:: Available data ::

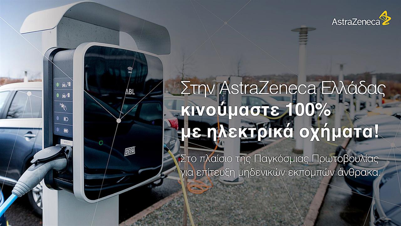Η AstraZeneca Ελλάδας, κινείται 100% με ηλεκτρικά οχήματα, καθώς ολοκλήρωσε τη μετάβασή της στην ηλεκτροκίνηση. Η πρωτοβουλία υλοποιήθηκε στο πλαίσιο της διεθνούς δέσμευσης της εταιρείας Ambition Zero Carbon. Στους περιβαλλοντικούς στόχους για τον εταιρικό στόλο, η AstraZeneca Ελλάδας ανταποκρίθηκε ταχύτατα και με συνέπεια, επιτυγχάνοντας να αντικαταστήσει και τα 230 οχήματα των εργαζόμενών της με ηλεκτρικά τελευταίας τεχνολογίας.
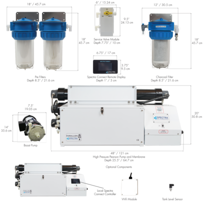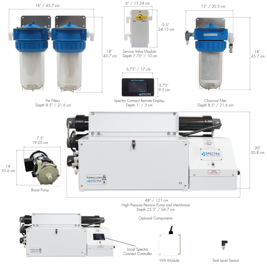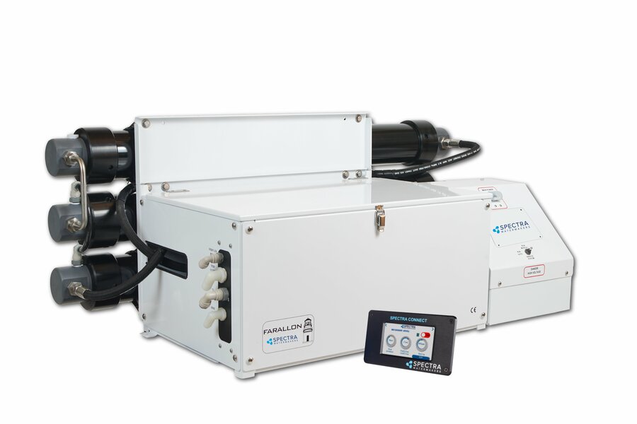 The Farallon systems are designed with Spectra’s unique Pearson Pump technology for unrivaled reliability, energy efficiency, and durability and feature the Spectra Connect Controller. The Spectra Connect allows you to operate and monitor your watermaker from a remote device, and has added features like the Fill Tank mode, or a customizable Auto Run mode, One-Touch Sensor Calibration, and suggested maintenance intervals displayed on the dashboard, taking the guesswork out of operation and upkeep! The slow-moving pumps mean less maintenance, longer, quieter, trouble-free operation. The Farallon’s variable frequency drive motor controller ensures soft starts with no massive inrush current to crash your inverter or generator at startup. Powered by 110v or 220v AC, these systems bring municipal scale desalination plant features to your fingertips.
--
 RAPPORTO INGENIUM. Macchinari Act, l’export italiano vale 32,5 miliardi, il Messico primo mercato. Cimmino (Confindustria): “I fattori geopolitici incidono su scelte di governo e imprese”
* * *
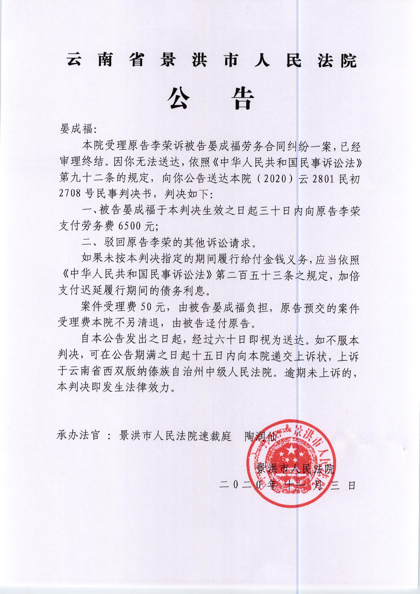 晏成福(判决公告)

:: Work order ::
Please repeat the lines of the material above exactly, starting with the line that contains "Η AstraZeneca Ελλάδας, κινείται" and ending with the line that contains "The Farallon systems". Leave the pictures out.

:: Result below ::
Η AstraZeneca Ελλάδας, κινείται 100% με ηλεκτρικά οχήματα, καθώς ολοκλήρωσε τη μετάβασή της στην ηλεκτροκίνηση. Η πρωτοβουλία υλοποιήθηκε στο πλαίσιο της διεθνούς δέσμευσης της εταιρείας Ambition Zero Carbon. Στους περιβαλλοντικούς στόχους για τον εταιρικό στόλο, η AstraZeneca Ελλάδας ανταποκρίθηκε ταχύτατα και με συνέπεια, επιτυγχάνοντας να αντικαταστήσει και τα 230 οχήματα των εργαζόμενών της με ηλεκτρικά τελευταίας τεχνολογίας.
 The Farallon systems are designed with Spectra’s unique Pearson Pump technology for unrivaled reliability, energy efficiency, and durability and feature the Spectra Connect Controller. The Spectra Connect allows you to operate and monitor your watermaker from a remote device, and has added features like the Fill Tank mode, or a customizable Auto Run mode, One-Touch Sensor Calibration, and suggested maintenance intervals displayed on the dashboard, taking the guesswork out of operation and upkeep! The slow-moving pumps mean less maintenance, longer, quieter, trouble-free operation. The Farallon’s variable frequency drive motor controller ensures soft starts with no massive inrush current to crash your inverter or generator at startup. Powered by 110v or 220v AC, these systems bring municipal scale desalination plant features to your fingertips.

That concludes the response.